→ Record excerpts
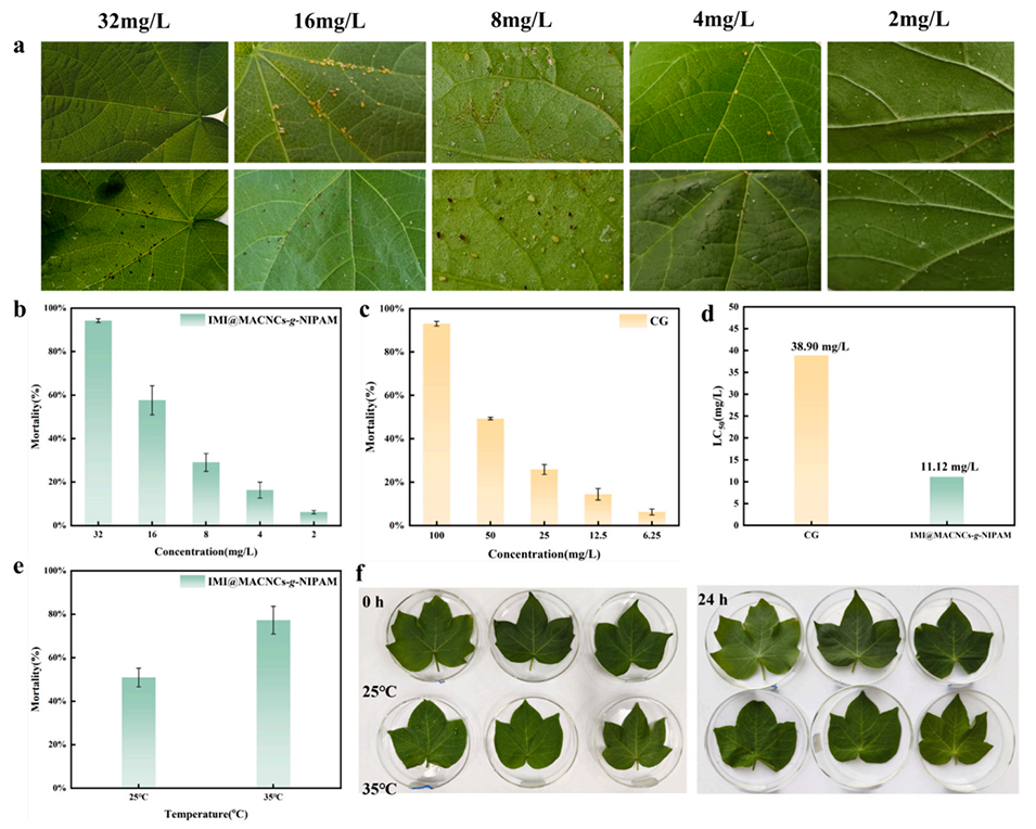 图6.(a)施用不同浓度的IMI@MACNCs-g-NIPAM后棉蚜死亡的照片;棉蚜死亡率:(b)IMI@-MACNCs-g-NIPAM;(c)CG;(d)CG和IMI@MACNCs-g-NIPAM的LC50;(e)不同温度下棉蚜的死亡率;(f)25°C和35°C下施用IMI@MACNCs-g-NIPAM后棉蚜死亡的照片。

==

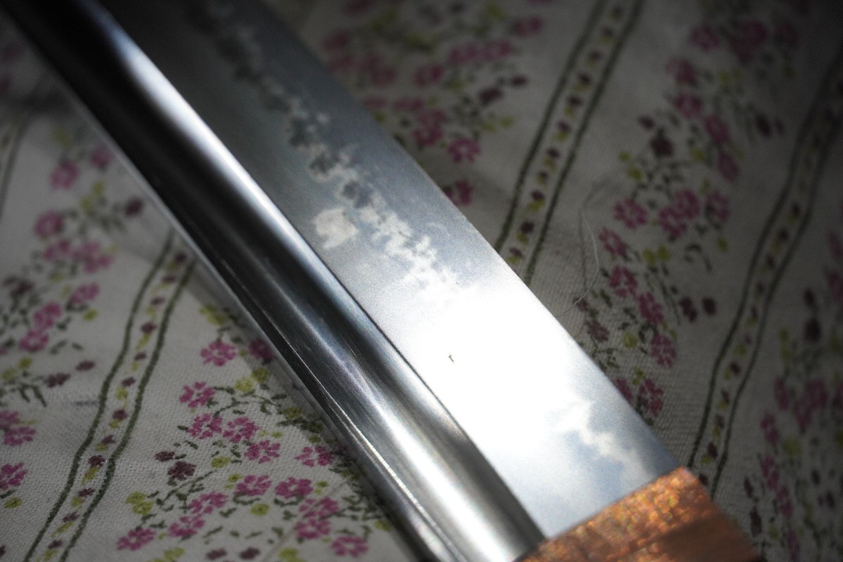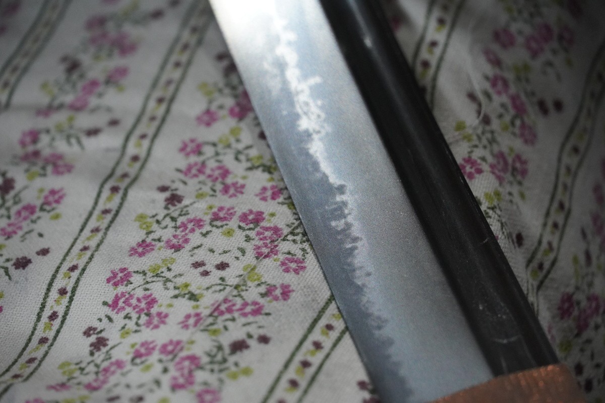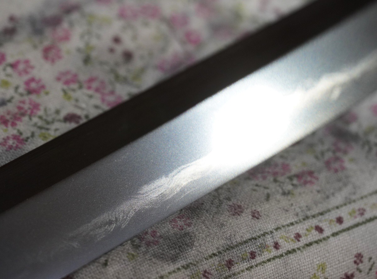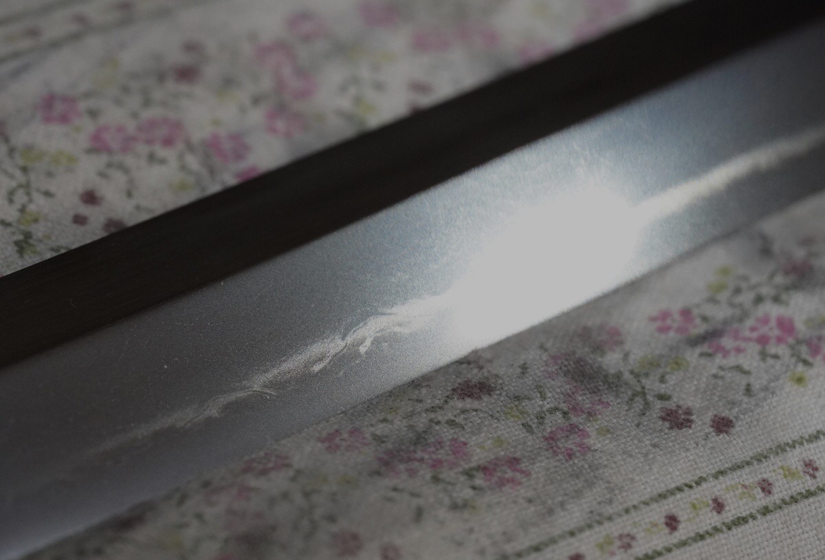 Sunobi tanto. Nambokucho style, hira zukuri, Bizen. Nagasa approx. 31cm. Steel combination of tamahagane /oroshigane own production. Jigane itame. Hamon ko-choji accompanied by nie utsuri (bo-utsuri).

...

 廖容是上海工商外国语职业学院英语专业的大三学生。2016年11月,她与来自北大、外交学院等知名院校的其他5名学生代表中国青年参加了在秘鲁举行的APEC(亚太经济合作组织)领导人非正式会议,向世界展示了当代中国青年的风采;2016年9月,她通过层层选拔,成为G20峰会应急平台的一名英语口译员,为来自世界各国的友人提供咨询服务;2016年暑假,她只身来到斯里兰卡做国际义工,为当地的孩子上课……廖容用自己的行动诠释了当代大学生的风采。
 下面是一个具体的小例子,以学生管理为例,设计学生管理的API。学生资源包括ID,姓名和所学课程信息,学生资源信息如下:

→ Task description
Nothing but the lines above from the one containing "廖容是上海工商外国语职业学院" through the one containing "下面是一个具体的小例子,以学" should appear in the answer, each repeated exactly.

→ Solution
 廖容是上海工商外国语职业学院英语专业的大三学生。2016年11月,她与来自北大、外交学院等知名院校的其他5名学生代表中国青年参加了在秘鲁举行的APEC(亚太经济合作组织)领导人非正式会议,向世界展示了当代中国青年的风采;2016年9月,她通过层层选拔,成为G20峰会应急平台的一名英语口译员,为来自世界各国的友人提供咨询服务;2016年暑假,她只身来到斯里兰卡做国际义工,为当地的孩子上课……廖容用自己的行动诠释了当代大学生的风采。
 下面是一个具体的小例子,以学生管理为例,设计学生管理的API。学生资源包括ID,姓名和所学课程信息,学生资源信息如下:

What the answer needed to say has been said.